Crédito privado se torna mais atrativo após recente turbulência, ressalta gestor da BTG Asset.

Mercado de Crédito Privado: Avaliações e Perspectivas

O mercado de crédito privado, que compreende debêntures, Certificados de Recebíveis Imobiliários (CRIs), Certificados de Recebíveis do Agronegócio (CRAs) e títulos bancários, como os Certificados de Depósito Bancário (CDBs), enfrentou meses desafiadores no início de 2026. No entanto, o panorama atual parece mais promissor para novas alocações. Essa é a avaliação de Guilherme Mattioli, sócio e gestor da BTG Pactual Asset Management.

Situação Atual do Mercado

Durante sua participação no ETF Day, um evento organizado pelo banco para assessores de investimentos, Mattioli ressaltou que a instituição não observa um problema estrutural no mercado de crédito, como uma deterioração generalizada das empresas ou uma onda significativa de inadimplência.

Ajustes nos Preços e Taxas

De acordo com o gestor, os recentes ajustes nos preços e nas taxas dos títulos criaram oportunidades para um aumento nas posições em renda fixa privada. “Antes tínhamos uma posição mais líquida, mas agora há espaço para um movimento de alocação mais robusto”, disse Mattioli.

Pressões Recentes no Mercado

Nos últimos meses, o mercado enfrentou pressão devido a uma série de recuperações judiciais e extrajudiciais de empresas, bem como eventos relacionados a instituições financeiras, como o caso do Banco Master.

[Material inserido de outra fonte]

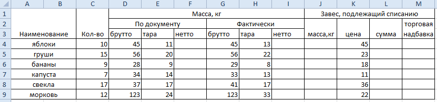 3. Найти массу (кг) товара, подлежащую списанию.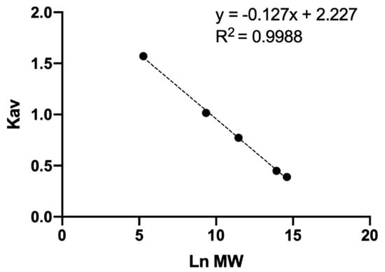 Generally, when talking about a polymer, reference is made to a molecular weight distribution, this represents to count the real number of molecules that have the average molecular weight and how many have a higher or lower size, with this information molecular distribution curves are generated [48]. To evaluate the molecular distribution of unknown samples, the partition coefficient ( of four standards of different average MW and D-glucuronic acid (monomer) was calculated. The represents the fraction of stationary phase available for a given solute and is directly related to the size of the molecule and is independent of the column used so it is often used in analytical curves instead of the retention time [36,38,48]. To determine the it was necessary to calculate the exclusion volume (6.87 mL), total retention volume (13.75 mL), total column volume (14.34 mL), and void retention time (6.00 min) of the Ultrahydrogel 2000 column [36,38,48]. An analytical curve was developed to correlate with the natural logarithm (Ln) of average MW (Figure 1). Multiple and adjusted coefficients of determination of 0.9988 and 0.9984 respectively showed a linear dependence among and Ln MW. This analytical curve allowed the calculation of the average MW of the unknown samples.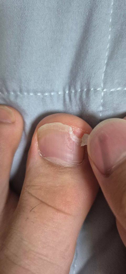 엄지발톱이 1/4 정도 벌어졌지만 (사진상으론 찢어진거 같네요) 통증이 없다면, 급성 외상보다는 일상적인 충격이나 습기에 의한 손상일 가능성이 있습니다. 목욕 후에 피부와 손발톱이 불려진 상태에서는 약해진 발톱이 쉽게 갈라지거나 벌어질 수 있어요. 특히 운동화나 꽉 끼는 신발을 자주 신는 경우, 반복적인 압력으로 발톱 끝이 갈라질 수 있습니다. 이럴 땐 손으로 뜯거나 억지로 제거하지 말고, 벌어진 부위를 깔끔하게 잘라내고 손상된 부분이 옷이나 물체에 걸리지 않게 조심하는 것이 중요해요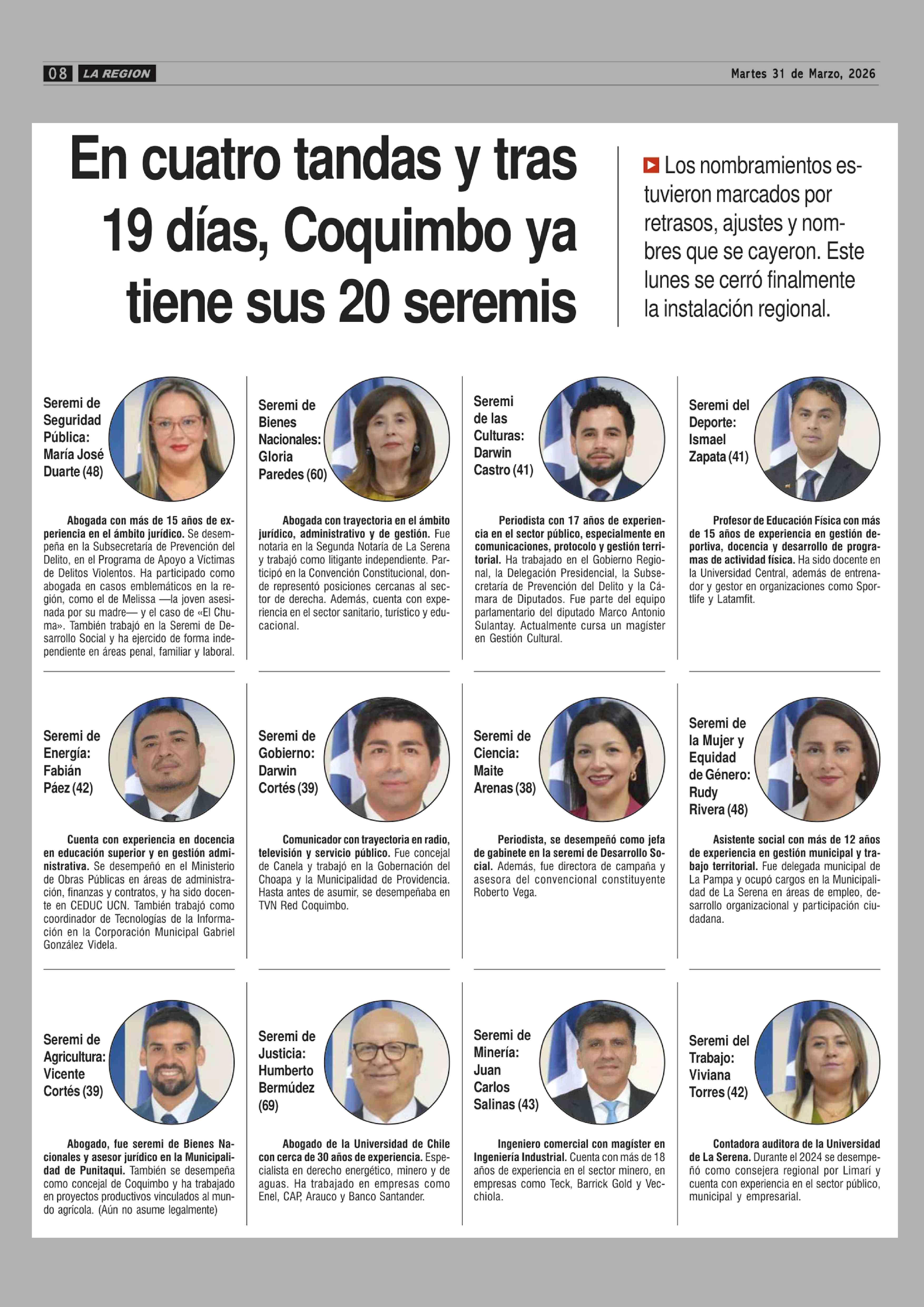 Título: En cuatro tandas y tras 19 días, Coquimbo ya tiene sus 20 seremis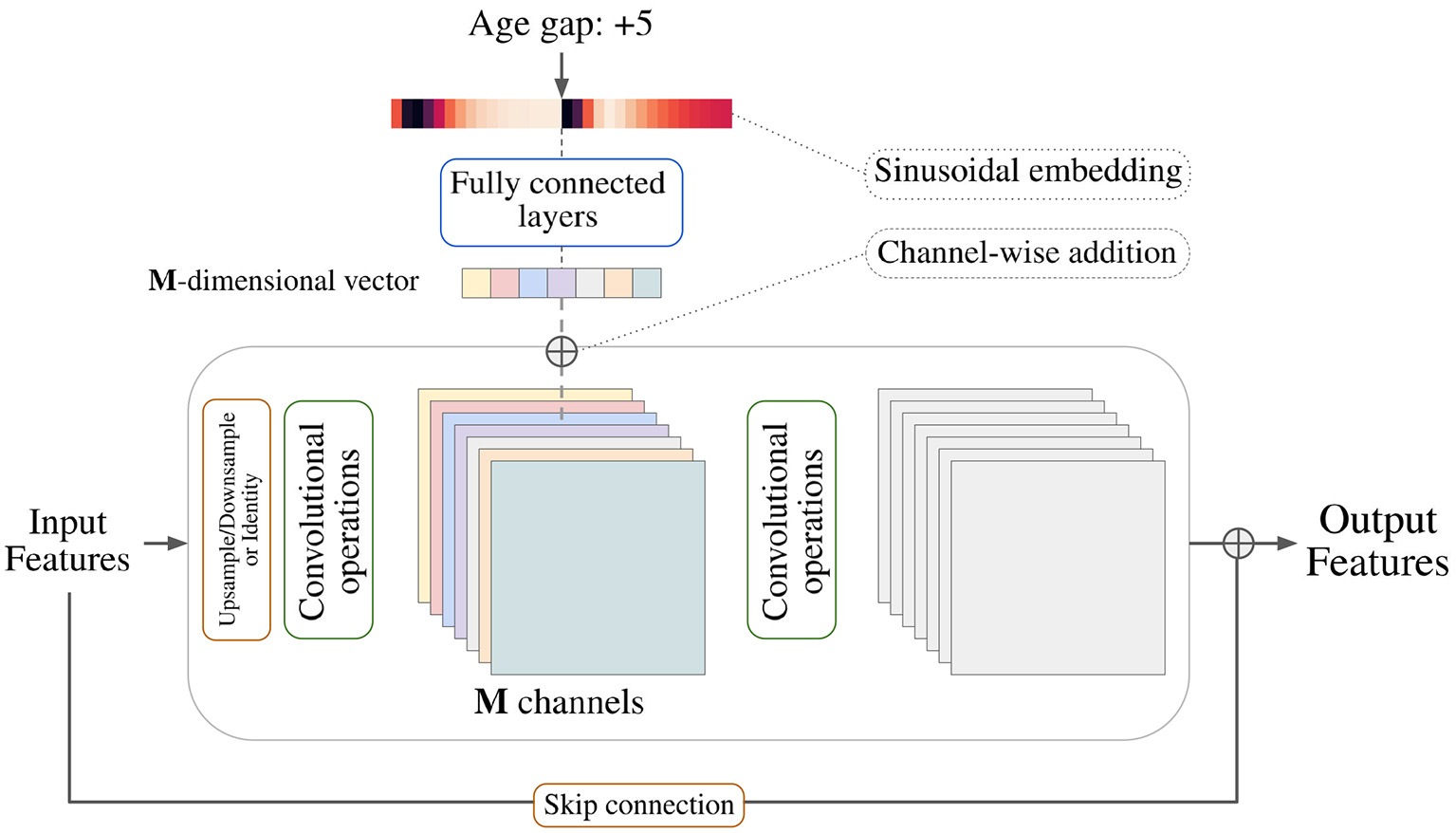 As covariates, age and body mass index (BMI) were considered for two separate tasks. The generator was conditioned with the difference between the age (respectively BMI) of the input image and the desired output age (respectively BMI). The discriminator, however, was conditioned on the actual age (respectively BMI) of the input image (real or synthesized). The covariate was specified to the model using the Transformer sinusoidal embedding (24).

Paralelamente, a taxa Selic em patamares elevados impulsionou a demanda por ativos de crédito privado no ano anterior, resultando na compressão dos spreads e na diminuição do prêmio pago aos investidores.

Efeitos da Compressão de Spreads

Com a compressão dos spreads, diversos papéis passaram a oferecer uma remuneração considerada abaixo do ideal, diante do risco de crédito associado aos emissores. Este cenário, somado aos eventos recentes de estresse no mercado, provocou uma onda de vendas de títulos e resgates de fundos de crédito privado.

Reabertura dos Spreads

A consequência desse movimento foi a reabertura dos spreads, o que, segundo a visão da BTG Asset, fez com que os rendimentos se tornassem mais condizentes com os riscos assumidos pelos investidores. Mattioli também destacou que o mercado de crédito privado brasileiro se tornou mais desenvolvido e líquido ao longo da última década.

Evolução do Mercado Secundário

Diferente de tempos anterior, em que os investidores mantinham os títulos até o vencimento, hoje existe um mercado secundário mais dinâmico para a negociação desses ativos. Essa mudança fez com que debêntures, CRIs, CRAs e Letras Financeiras reagissem de maneira mais rápida a fatores macroeconômicos, geopolíticos e aos resultados corporativos, aproximando o comportamento desses ativos ao observado no mercado de ações.

Volatilidade e Gestão Ativa

Na análise do gestor, essa transformação resultou em um aumento da volatilidade dos fundos de crédito, mas também fortaleceu a necessidade de uma gestão ativa dentro dessa classe de ativos. “Os investidores podem ficar um pouco inquietos, mas, de modo geral, o mercado está mais maduro. Eles estão começando a entender as razões por trás dessas oscilações”, afirmou Mattioli.

Fragilidades Empresariais

Sobre os incidentes recentes envolvendo empresas como o Grupo Pão de Açúcar, Braskem e Raízen, Mattioli apontou que muitas dessas companhias já mostravam sinais de fragilidade antes da deterioração do cenário. Ele salientou que, de forma geral, as empresas ainda se mostram relativamente preparadas para enfrentar um período prolongado de juros elevados.

DEBB11 e Vantagens dos ETFs de Crédito

O gestor aproveitou a ocasião para discutir o DEBB11, um ETF de debêntures administrado pela BTG Pactual Asset Management, que replicará um índice formado por títulos indexados ao CDI de grandes empresas. Atualmente, o fundo conta com mais de 200 ativos em sua carteira.

Benefícios dos ETFs de Crédito Privado

De acordo com Mattioli, os ETFs focados em crédito privado oferecem vantagens em relação à compra direta de debêntures ou aos fundos tradicionais, principalmente em questões de liquidez, diversificação e tributação. As cotas desses ETFs são negociadas em bolsa, o que proporciona aos investidores um acesso mais fácil e pulverizado ao mercado, com um valor de investimento relativamente baixo.